▸ **Aim of the task**:
A verbatim copy of the records is required, with all pictures left out.
BEGIN Exercise data
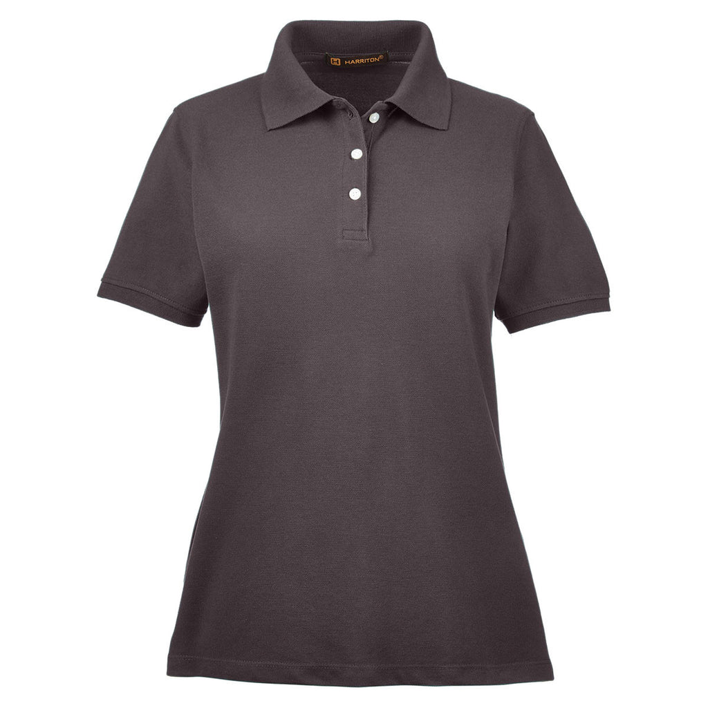 With a softly shaped design to create a more flattering feminine look, the Harriton Women's Espresso 5.6 oz. Easy Blend Polo is sure to turn heads at your next business seminar. The flat-knit collar and cuffs complement the three-button placket to produce a stylish polo to wear at the office, as well as outdoors working on home improvement projects. Blended cotton and polyester never wrinkles to keep you looking professional throughout the day. The silky soft fabrication reduces shrinkage to ensure maximum comfort for years to come. Attach a custom logo that attracts the interest of customer prospects.Corresponding Men's Style: Harriton Men's Espresso 5.6 oz. Easy Blend Polo
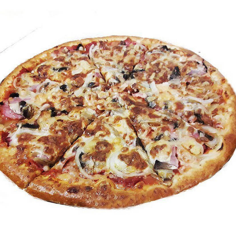 Томатный соус, шинка, салямі, папероні, печериці, цибуля, сир твердий, моцарелла
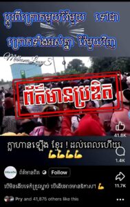 បើតាមលោក ស៊ុន មេសា ម្ចាស់ហ្វេសប៊ុកផេក ព័ត៌មានពិត កំពុងយករូបភាពសកម្មភាពកម្មករទៅកាត់តច្នៃប្រឌិតក្នុងចេតនាញុះញង់ប្រជាពលរដ្ឋតាមរយៈបណ្តាញសង្គមឱ្យងើបឡើងបះបោរ ផ្តួលរំលំរាជរដ្ឋាភិបាលស្របច្បាប់ និងកៀរគរប្រជាពលរដ្ឋឱ្យធ្វើសកម្មភាពផ្សេងៗផ្ទុយនឹងច្បាប់។ លោកបន្តថា នេះជារឿងអគុណធម៌បំផុត ដែលម្ចាស់ហ្វេសប៊ុកផេកមួយនេះខំប្រឹងមួលបង្កាច់ លាបពណ៌ ទម្លាក់កំហុសគ្រប់បែបយ៉ាងមកលើរាជរដ្ឋាភិបាល៕
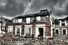 Another notable now-demolished development was Siwen Li, located on Xinzha Road. This late period old type shikumen development occupied 4.66 hectares, with 48,000 square metres of floor space. There were a total of 706 residences of two or three storeys.[9] Most of these buildings were one-bay wide, without modern sanitary equipment. The house gates were noted for intricate baroque style lintels.[15] Originally a middle-class neighbourhood, the area became dense slums due to the influx of refugees in the Second Sino-Japanese War.[9] The entire neighbourhood was razed progressively in 2012–2014.
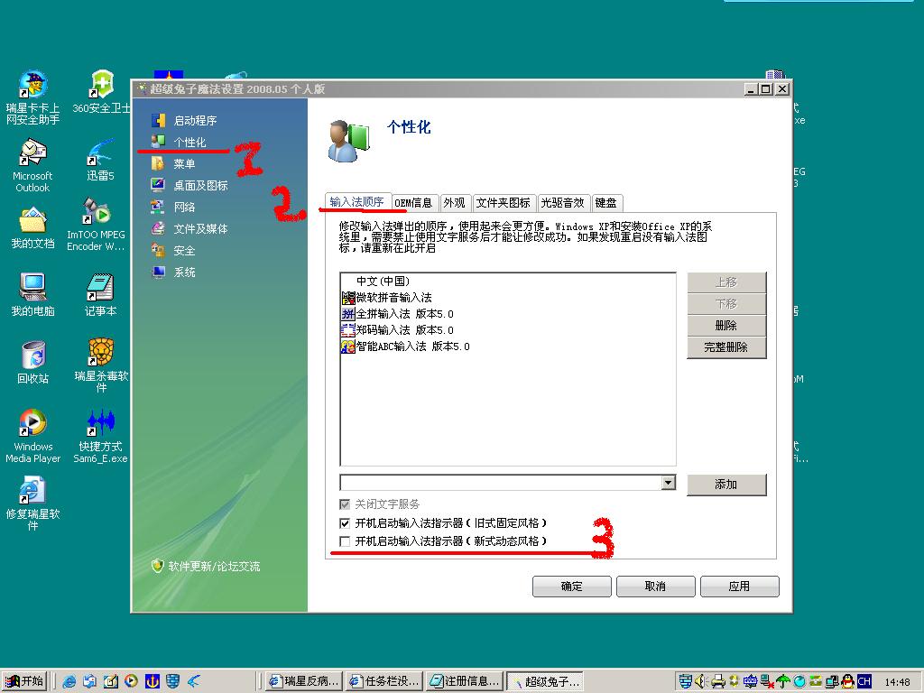 (二)我的电脑-控制面板-区域和语言选项-语言-详细信息-高级,把关闭高级文字服务前面的钩去掉。
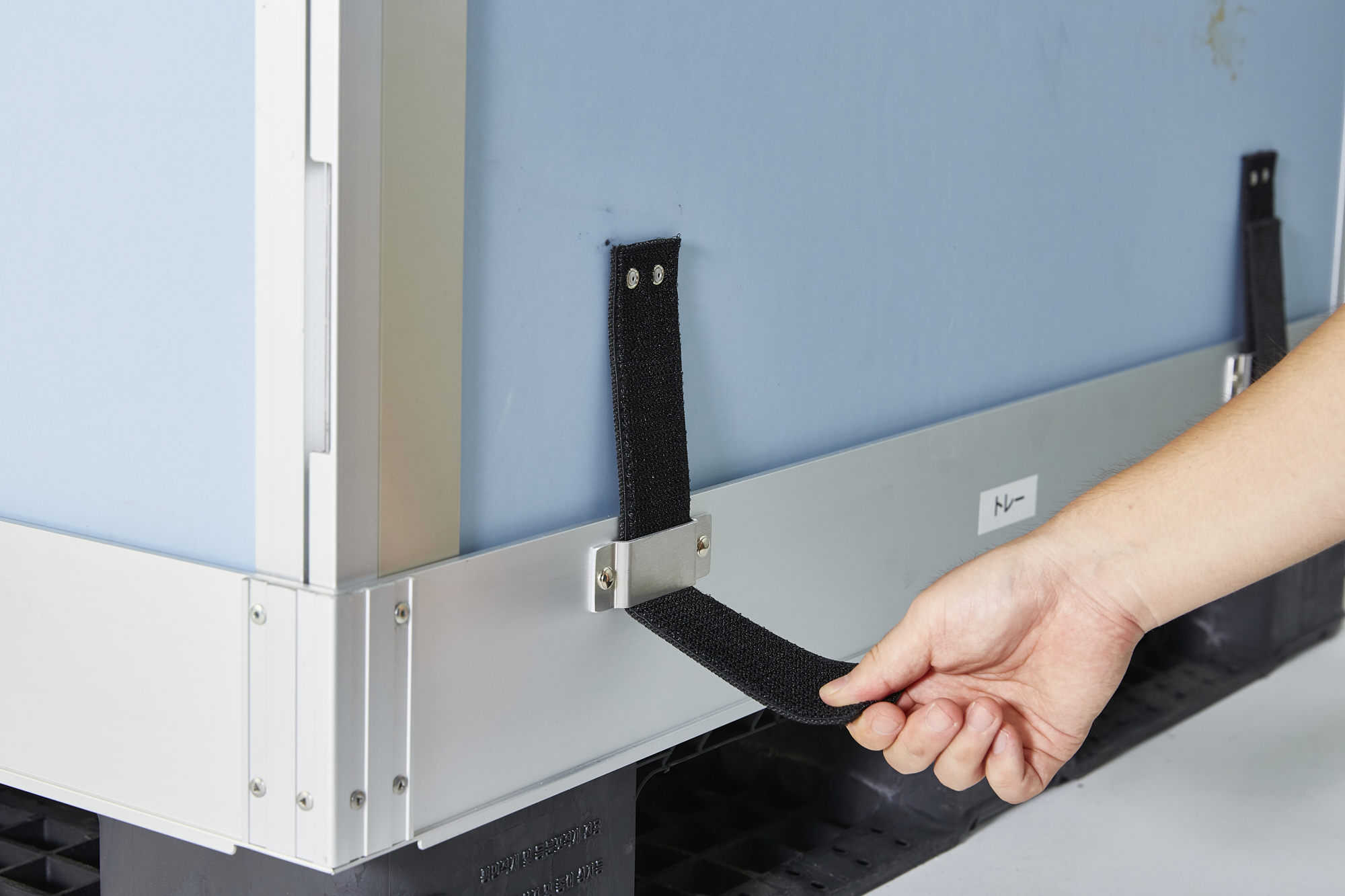 商品や原料の輸送時に使用されている樹脂製パレットを、大型の保冷ボックスとして使用可能にする断熱パネルシステムです。
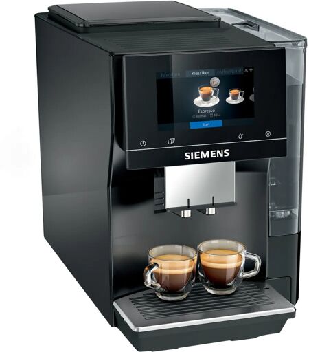 Det har aldrig været så nemt at skræddersy din kaffe til din personlige smag og præferencer med den fuldautomatiske maskine fra Siemens TP713D09 EQ.700 Classic. Den intuitive betjening af iSelect-displayet og dens Touch & Slide-funktion sikrer, at du nemt kan stryge gennem menuen på din fuldautomatiske kaffemaskine. Tag din kaffeoplevelse til det næste niveau med klassens bedste 5" iSelect Full-Touch Display. Kan du lide at nyde forskellige kaffespecialiteter? Siemens coffeeWorld bringer den særlige smag af internationale kaffespecialiteter direkte hjem til dig. Koldbryg – det er kaffe og alligevel helt anderledes. Forskellen ligger i temperaturen, fordi varmt vand ikke bruges i præparatet. Denne specielle brygningsproces forvandler din valgte ristning til en forfriskende smagsoplevelse, der specifikt fremhæver de frugtagtige noter i din kaffe. For et særligt kick af friskhed anbefaler vi at nyde den færdige kolde bryg med et par isterninger. Med funktionen Favoritter kan du gemme individuelle præferencer for kaffe- og mælkespecialiteter og oprette op til 5 favoritindstillinger. Du skal blot vælge og gemme den ønskede kaffestyrke, kopstørrelse, aromaprofil eller mælkemængde. Få adgang til dine personlige indstillinger når som helst med et tryk på en knap. Med aromaSelect kan du tilpasse kaffesmagen til dine personlige præferencer. Vælg mellem tre forskellige aromaindstillinger: mild, afbalanceret eller karakteristisk. ...
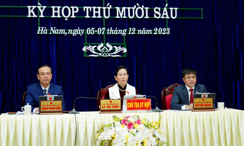 Kỳ họp thứ 16 (Kỳ họp thường lệ cuối năm 2023) HĐND tỉnh Hà Nam khóa XIX, nhiệm kỳ 2021 - 2026 tổ chức ngày 5.12.2023. Ảnh: UBND tỉnh Hà NamĐáng chú ý trong năm 2023, nhiều dự án quan trọng tại tỉnh Hà Nam đã được khởi công, xây dựng như dự án đầu tư xây dựng tuyến đường bộ song hành Quốc lộ 21 (đoạn từ đường ĐH.05 huyện Kim Bảng đến nút giao đường T3 với Quốc lộ 21), dự án đầu tư xây dựng nút giao Phú Thứ và tuyến đường kết nối tại xã Tiên Hiệp, trung tâm thương mại GO! Hà Nam, khai trương Khu phức hợp thể thao Legend Valley Country Club tại Hà Nam...
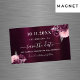 Um cartão magnético Save the Date para uma festa de aniversário 50th. Um fundo burgundy profundo decorado com florais burguentos e cor de rosa. Personalize e adicione uma data e nome/idade. O texto: Salvar a Data é gravado com um script de estilo com letra manual com alternâncias.
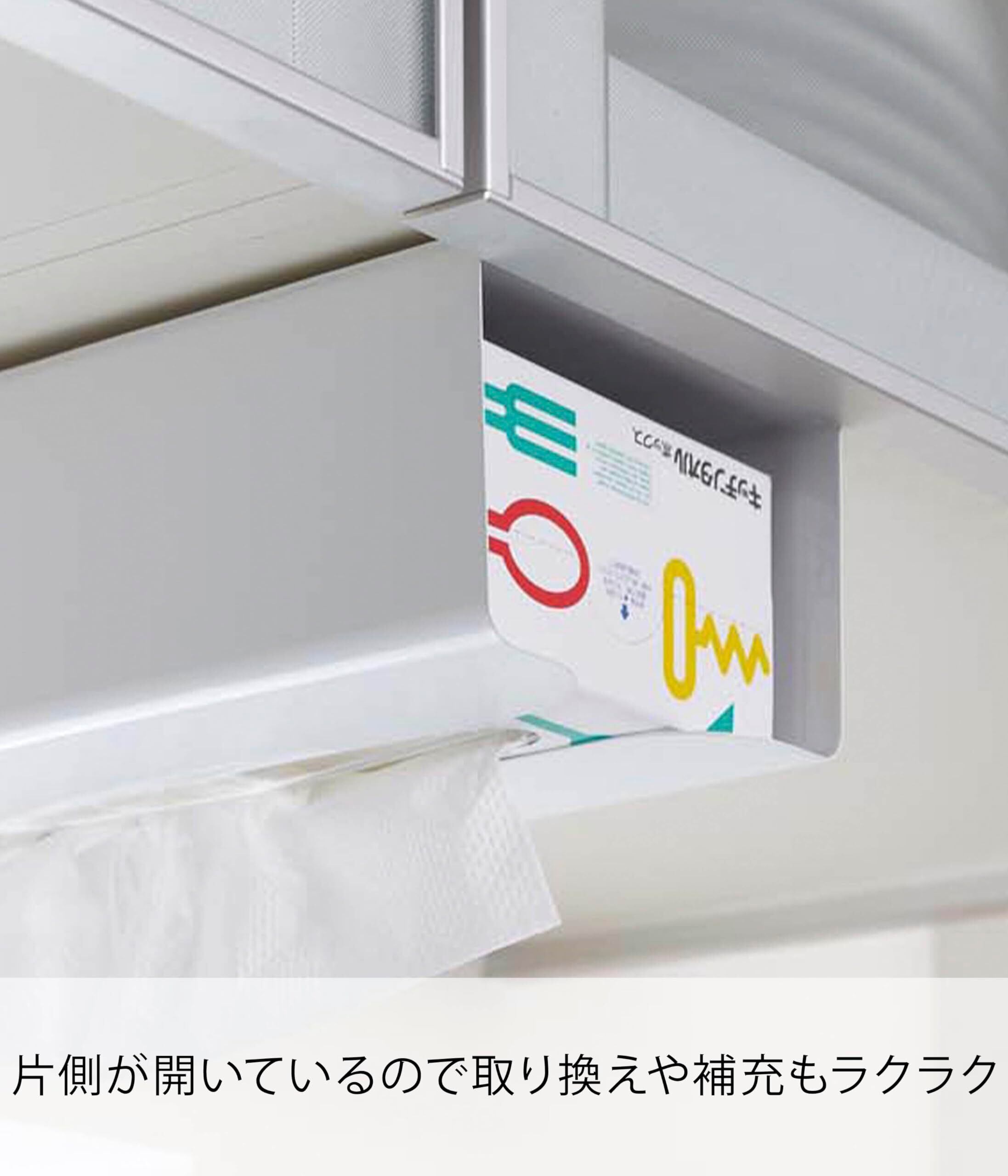 ボックスタイプのキッチンペーパーやティッシュボックスも収納可能
END Exercise data
▸ **Output**:
 With a softly shaped design to create a more flattering feminine look, the Harriton Women's Espresso 5.6 oz. Easy Blend Polo is sure to turn heads at your next business seminar. The flat-knit collar and cuffs complement the three-button placket to produce a stylish polo to wear at the office, as well as outdoors working on home improvement projects. Blended cotton and polyester never wrinkles to keep you looking professional throughout the day. The silky soft fabrication reduces shrinkage to ensure maximum comfort for years to come. Attach a custom logo that attracts the interest of customer prospects.Corresponding Men's Style: Harriton Men's Espresso 5.6 oz. Easy Blend Polo
 Томатный соус, шинка, салямі, папероні, печериці, цибуля, сир твердий, моцарелла
 បើតាមលោក ស៊ុន មេសា ម្ចាស់ហ្វេសប៊ុកផេក ព័ត៌មានពិត កំពុងយករូបភាពសកម្មភាពកម្មករទៅកាត់តច្នៃប្រឌិតក្នុងចេតនាញុះញង់ប្រជាពលរដ្ឋតាមរយៈបណ្តាញសង្គមឱ្យងើបឡើងបះបោរ ផ្តួលរំលំរាជរដ្ឋាភិបាលស្របច្បាប់ និងកៀរគរប្រជាពលរដ្ឋឱ្យធ្វើសកម្មភាពផ្សេងៗផ្ទុយនឹងច្បាប់។ លោកបន្តថា នេះជារឿងអគុណធម៌បំផុត ដែលម្ចាស់ហ្វេសប៊ុកផេកមួយនេះខំប្រឹងមួលបង្កាច់ លាបពណ៌ ទម្លាក់កំហុសគ្រប់បែបយ៉ាងមកលើរាជរដ្ឋាភិបាល៕
 Another notable now-demolished development was Siwen Li, located on Xinzha Road. This late period old type shikumen development occupied 4.66 hectares, with 48,000 square metres of floor space. There were a total of 706 residences of two or three storeys.[9] Most of these buildings were one-bay wide, without modern sanitary equipment. The house gates were noted for intricate baroque style lintels.[15] Originally a middle-class neighbourhood, the area became dense slums due to the influx of refugees in the Second Sino-Japanese War.[9] The entire neighbourhood was razed progressively in 2012–2014.
 (二)我的电脑-控制面板-区域和语言选项-语言-详细信息-高级,把关闭高级文字服务前面的钩去掉。
 商品や原料の輸送時に使用されている樹脂製パレットを、大型の保冷ボックスとして使用可能にする断熱パネルシステムです。
 Det har aldrig været så nemt at skræddersy din kaffe til din personlige smag og præferencer med den fuldautomatiske maskine fra Siemens TP713D09 EQ.700 Classic. Den intuitive betjening af iSelect-displayet og dens Touch & Slide-funktion sikrer, at du nemt kan stryge gennem menuen på din fuldautomatiske kaffemaskine. Tag din kaffeoplevelse til det næste niveau med klassens bedste 5" iSelect Full-Touch Display. Kan du lide at nyde forskellige kaffespecialiteter? Siemens coffeeWorld bringer den særlige smag af internationale kaffespecialiteter direkte hjem til dig. Koldbryg – det er kaffe og alligevel helt anderledes. Forskellen ligger i temperaturen, fordi varmt vand ikke bruges i præparatet. Denne specielle brygningsproces forvandler din valgte ristning til en forfriskende smagsoplevelse, der specifikt fremhæver de frugtagtige noter i din kaffe. For et særligt kick af friskhed anbefaler vi at nyde den færdige kolde bryg med et par isterninger. Med funktionen Favoritter kan du gemme individuelle præferencer for kaffe- og mælkespecialiteter og oprette op til 5 favoritindstillinger. Du skal blot vælge og gemme den ønskede kaffestyrke, kopstørrelse, aromaprofil eller mælkemængde. Få adgang til dine personlige indstillinger når som helst med et tryk på en knap. Med aromaSelect kan du tilpasse kaffesmagen til dine personlige præferencer. Vælg mellem tre forskellige aromaindstillinger: mild, afbalanceret eller karakteristisk. ...
 Kỳ họp thứ 16 (Kỳ họp thường lệ cuối năm 2023) HĐND tỉnh Hà Nam khóa XIX, nhiệm kỳ 2021 - 2026 tổ chức ngày 5.12.2023. Ảnh: UBND tỉnh Hà NamĐáng chú ý trong năm 2023, nhiều dự án quan trọng tại tỉnh Hà Nam đã được khởi công, xây dựng như dự án đầu tư xây dựng tuyến đường bộ song hành Quốc lộ 21 (đoạn từ đường ĐH.05 huyện Kim Bảng đến nút giao đường T3 với Quốc lộ 21), dự án đầu tư xây dựng nút giao Phú Thứ và tuyến đường kết nối tại xã Tiên Hiệp, trung tâm thương mại GO! Hà Nam, khai trương Khu phức hợp thể thao Legend Valley Country Club tại Hà Nam...
 Um cartão magnético Save the Date para uma festa de aniversário 50th. Um fundo burgundy profundo decorado com florais burguentos e cor de rosa. Personalize e adicione uma data e nome/idade. O texto: Salvar a Data é gravado com um script de estilo com letra manual com alternâncias.
 ボックスタイプのキッチンペーパーやティッシュボックスも収納可能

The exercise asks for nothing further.